Lady Justices A. M. Banda-Bobo, A. N. Patel S.C., and Y. Chembe did not merely resolve an application before them. They drew a clear and unambiguous line in the sand against the growing abuse of ex parte court orders and the weaponisation of Zambia’s corporate insolvency framework — conduct the Court described, without equivocation, as an abuse of judicial process that could no longer be countenanced.

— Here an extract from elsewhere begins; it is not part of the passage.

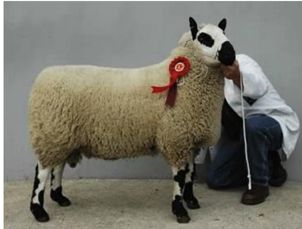
Pecora da carne di taglia grande, vello chiuso pezzato regolare su arti e testa, orecchie erette (razza Kerry Hill)

Le orecchie sono un descrittore molto preciso e di notevole valore etnico. Tuttavia esistono razze con variabilità spiccata di questo carattere.

THE PANEL THAT RESTORED ORDER
The ruling was delivered in a matter that had descended, in the Court’s own words, into something resembling a “James Bond” production — theatrical, fast-moving and full of procedural stunts. Applications had been filed carelessly, case numbers used interchangeably, illegible documents placed before the court, and what appeared to be confidential client communications inadvertently included in court records. Chaos, in short, had taken hold of the proceedings.
Into that chaos stepped the three-judge panel. What followed was a ruling of exceptional precision: methodical in its review of the facts, firm in its legal analysis, and bracingly direct in its conclusions. The disorder that had characterised the litigation below was met with exactly the kind of calm, structured authority that the moment demanded.
“Should the Court sit by as a mere bystander, watch the proceedings unravel and bemoan its inability to take conduct on account of procedural reasons?” — The Court’s own rhetorical question, answered decisively: No.
The panel asserted jurisdiction where a single judge had declined to do so, set aside that earlier ruling, and confirmed a stay of the appointment of a provisional liquidator — all while issuing pointed guidance to the lower court, to the legal profession, and to the Registry itself. Every loose thread was addressed. Every abuse was named. The Court did not look away.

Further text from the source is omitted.